Fine-tuning is a technique in machine learning where a pre-trained model is further trained on a specific task to improve its performance on that task. The Lamini Plan T5 model mentioned in the video is an example of a fine-tuned model, which has been trained on the Flan T5 base model and then further trained on a specific dataset to perform summarization.

Pipelines

In the context of machine learning and natural language processing, pipelines refer to a sequence of processing steps that data goes through. The video mentions the use of pipelines for summarization and text generation, which are part of the Lamini Plan T5 model's capabilities. These pipelines allow for the structured processing of text data to produce summaries or generate new text.

Fast API

Fast API is a modern, fast web framework for building APIs with Python. Although not directly used in the current application shown in the video, the author mentions plans to use Fast API to create an API for the document summarization application in a future video. Fast API is known for its performance and ease of use, making it a suitable choice for building APIs.

Highlights

Introduction of a streamlit application to summarize documents using the Lamini Plan T5 language model with 248 million parameters.

The application is completely open source and does not rely on OpenAI or API keys.

Lamini Plan T5 is an underrated language model fine-tuned on Google's Plan T5.

The video will demonstrate leveraging the summarization pipeline directly from Hugging Face.

Mention of the Mohammed bin Zayed University of Artificial Intelligence as a leading institution in AI research and education.

The university's development of the fine-tuned Lamini model used in the application.

The model contains 2.58 samples for instruction fine-tuning.

The application will be built using Streamlit, focusing on Lamini Plan T5 for summarization.

Explanation of how to load the model and tokenizer locally for privacy and independence from the internet.

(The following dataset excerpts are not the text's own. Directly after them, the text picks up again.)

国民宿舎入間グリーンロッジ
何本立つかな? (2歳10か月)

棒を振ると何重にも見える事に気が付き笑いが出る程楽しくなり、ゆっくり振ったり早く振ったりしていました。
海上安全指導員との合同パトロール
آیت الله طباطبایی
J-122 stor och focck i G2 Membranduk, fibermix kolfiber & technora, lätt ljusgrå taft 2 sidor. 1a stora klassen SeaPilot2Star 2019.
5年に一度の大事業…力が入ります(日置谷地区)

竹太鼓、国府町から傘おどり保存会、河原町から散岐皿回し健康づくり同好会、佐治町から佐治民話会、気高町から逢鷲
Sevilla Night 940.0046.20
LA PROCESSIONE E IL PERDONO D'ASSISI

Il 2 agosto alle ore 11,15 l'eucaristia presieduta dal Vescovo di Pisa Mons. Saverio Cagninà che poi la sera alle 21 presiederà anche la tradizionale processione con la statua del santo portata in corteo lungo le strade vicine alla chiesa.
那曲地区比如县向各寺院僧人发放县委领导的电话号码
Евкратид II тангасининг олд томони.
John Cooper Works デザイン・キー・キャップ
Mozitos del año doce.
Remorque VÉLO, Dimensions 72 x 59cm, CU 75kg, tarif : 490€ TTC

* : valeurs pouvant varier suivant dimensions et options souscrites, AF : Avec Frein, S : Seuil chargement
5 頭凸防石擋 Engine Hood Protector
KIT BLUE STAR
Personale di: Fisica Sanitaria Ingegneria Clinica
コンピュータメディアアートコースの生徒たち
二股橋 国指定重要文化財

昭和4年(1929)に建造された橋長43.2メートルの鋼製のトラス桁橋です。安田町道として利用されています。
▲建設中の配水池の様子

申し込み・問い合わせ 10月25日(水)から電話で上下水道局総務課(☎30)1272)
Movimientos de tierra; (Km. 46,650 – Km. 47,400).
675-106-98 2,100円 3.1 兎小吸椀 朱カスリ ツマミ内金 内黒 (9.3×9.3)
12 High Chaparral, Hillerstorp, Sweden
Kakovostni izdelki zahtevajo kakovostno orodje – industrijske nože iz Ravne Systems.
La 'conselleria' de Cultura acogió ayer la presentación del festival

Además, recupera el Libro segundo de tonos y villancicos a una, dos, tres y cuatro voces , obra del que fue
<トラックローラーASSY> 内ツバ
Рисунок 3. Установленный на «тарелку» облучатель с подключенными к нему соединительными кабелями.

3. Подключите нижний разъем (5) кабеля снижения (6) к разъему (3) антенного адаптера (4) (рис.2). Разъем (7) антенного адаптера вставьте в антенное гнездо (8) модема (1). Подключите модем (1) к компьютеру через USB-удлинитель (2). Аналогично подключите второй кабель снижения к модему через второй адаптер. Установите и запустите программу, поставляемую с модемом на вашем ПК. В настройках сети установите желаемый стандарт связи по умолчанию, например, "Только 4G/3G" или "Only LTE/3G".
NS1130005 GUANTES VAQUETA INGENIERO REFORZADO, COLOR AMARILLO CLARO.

Use of LangChain for text splitting and document loading, with a preference for its excellent documentation.

The process of creating a Streamlit application with a user-friendly interface for document summarization.

Demonstration of uploading a PDF file and using the summarization function to generate a summary.

The ability of the Lamini Plan T5 model to perform abstractive summarization and paraphrasing.

Potential for extending the application to include text generation pipelines and other file formats.

Future plans to create an API and web application using FastAPI for a more polished user experience.

Emphasis on the importance of using vector databases like ChromaDB for text generation and embeddings.

Conclusion and invitation for collaboration on extending the application and creating more project-based videos.